Дедушка всё терпел и на всё отвечал как положено:
«Так точно, ваше благородие! Никак нет, ваше благородие!»
Однажды его назначили в караул. Карначом, то есть караульным начальником, к несчастью, был дедушкин ротный. Он поставил дедушку на пост у полкового склада. Дело было зимой, в лютый мороз. Два часа простоял молодой солдат с винтовкой на ветру. Пора сменяться, а смены нет!
В это время в жарко натопленной караулке сидели карнач с разводящим и вели спор: выдержит ли солдат Ефим Тайц, если его не сменить, или не выдержит? Бросит пост или не бросит?
И вот подходит время смены-дедушку не сменяют. Подходит время второй смены — дедушку не сменяют. Без конца тянулась ночь. Жестокий мороз пробирал дедушку, а он всё стоял с ружьём и всё притопывал сапогами по снегу.
Проходили мимо товарищи по роте, говорили:
— Ефим, бросай пост! Раз такое дело, ничего тебе не будет.
А он не отвечает. Часовому на посту разговаривать ни с кем нельзя. Наконец, уже к утру, явился карнач и говорит сквозь зубы:
— Ну молодец, часовой! Выстоял.
Дедушка хочет ответить: «Так точно, ваше благородие», а не может. Сдвинулся было с места и вдруг повалился ничком в снег. Тут принесли носилки, положили его и понесли в околоток. Там санитар хотел снять с него сапоги, а они не снимаются. Ноги распухли. Пришёл врач-хирург, велел разрезать сапоги, осмотрел ноги, а они уже почернели. Ну, тут сразу дедушку на стол и отняли ему обе ноги-по колено.
А бабушка ничего этого не знала. И вот приходит к ней извещение: «Встречайте мужа, он в отпуск едет».

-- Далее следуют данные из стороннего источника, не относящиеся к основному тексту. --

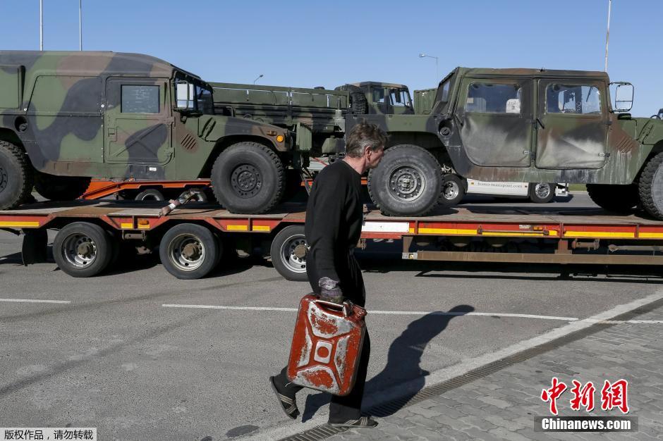 当地时间2015年4月10日,乌克兰利沃夫,美国洛克希德C-130大力神(Lockheed C-130 Hercules)军用飞机以及军用车辆运抵乌克兰,3月30日,乌克兰内政部长阿瓦科夫(Arsen Avakov)称,在基辅为控制乌东部民间武装而战之际,数百美国空降兵将于4月20日起训练乌克兰士兵。

Бабушка обрадовалась — она подумала, что её Ефим за исправную службу получил внеочередной отпуск.
Она поехала его встречать в город Вильну. Подошёл поезд, и люди вынесли из вагона бабушке не мужа, а, как ей показалось, только половину мужа. Она вскрикнула и потеряла сознание…
Так стал калекой мой дедушка…
Потом пришёл пакет с сургучными печатями. В пакете лежал серебряный кружок, похожий на рубль. На нём был двуглавый орёл и круглая надпись: «За усердие».

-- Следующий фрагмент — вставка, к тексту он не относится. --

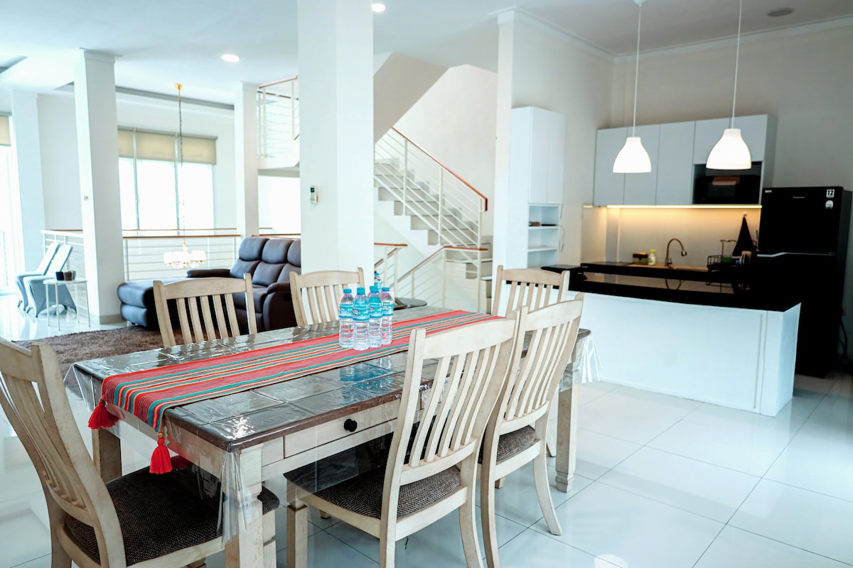 Tucked at the end of a road with a quiet neighborhood, this six-bedroom home is perfect for a family getaway. It has a swimming pool and fast wifi that is suitable for you and a small group to work or study during these WFH periods. With a 700 M² house built on 1500 M² land, it features 9 AC units, a Dining Room, a fully equipped Kitchen with a refrigerator, cold/hot water dispenser, stove, rice cooker, toaster, and a cooking and dining set. Washing and ironing facilities are also available.

— Лучше бы костыли прислали! — сказал дедушка и бросил медаль в самый нижний ящик бабушкиного ветхого комода.
Меня, своего первого внука, дедушка очень любил. Он часто усаживал меня рядом с собой, доставал книжку «Азбука в картинках» и принимался учить грамоте.
— Вот смотри, это «А», — говорил он, показывая большим жёлтым пальцем на букву, похожую не то на домик, не то на шалашик.
— «А», — говорил я.
— А это аист, — показывал он на картинку, которая украшала букву «А». — Аист — это такая птица.

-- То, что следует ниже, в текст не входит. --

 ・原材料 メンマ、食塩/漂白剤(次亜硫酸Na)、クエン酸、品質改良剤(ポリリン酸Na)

— Это аист, — послушно повторял я вслед за дедом. — Аист — это такая птица.
— Умница! Молодец!
Дедушка любил меня показывать знакомым и как бы хвалиться мной.
— Он у нас уже читать умеет, — говорил он.
— Не может быть! — удивлялись гости.
— Сейчас увидите!
Дедушка стучал костылём о стол. Это значило, что мне надо подойти к нему. Я подходил.
— Ну-ка, внучек, принеси-ка азбуку.
Я приносил азбуку. Он всегда открывал её на первой странице, показывал на букву «А» и спрашивал:
— Ну-ка, это что за буква?
Я смотрел на букву «А» и громко отвечал:
— Это аист. Аист — это такая птица! Гости улыбались, а дедушка гладил меня по голове и приговаривал:
— Умница! Золотая голова!
Я долго был уверен, что он меня так называет за то, что у меня были золотистые кудрявые волосы. Дедушка любил их ерошить.
— Дедушка, — спрашивал я после урока, — а можно, я возьму твою медаль?
— Можно.
Я сам открывал комод, доставал дедушкину медаль, нацеплял её на себя, выбегал во двор и становился неподвижно. Ребята окружали меня:
— Ты что делаешь?
— Ничего! Мне с вами нельзя разговаривать!
— Почему?
— Потому что я часовой!
— А что значит часовой?
— Ну такой солдат… Отойдите! Нельзя разговаривать!
— Да во что ты играешь?
— В усердие.
— В какое усердие?
— А вот в такое!.. Отойдите, а то я буду стрелять!
Но ребята не отходили. Они с завистью смотрели на меня. Я был горд — ведь ни у кого во дворе не было такой медали, как у моего дедушки, с непонятной надписью: «За усердие».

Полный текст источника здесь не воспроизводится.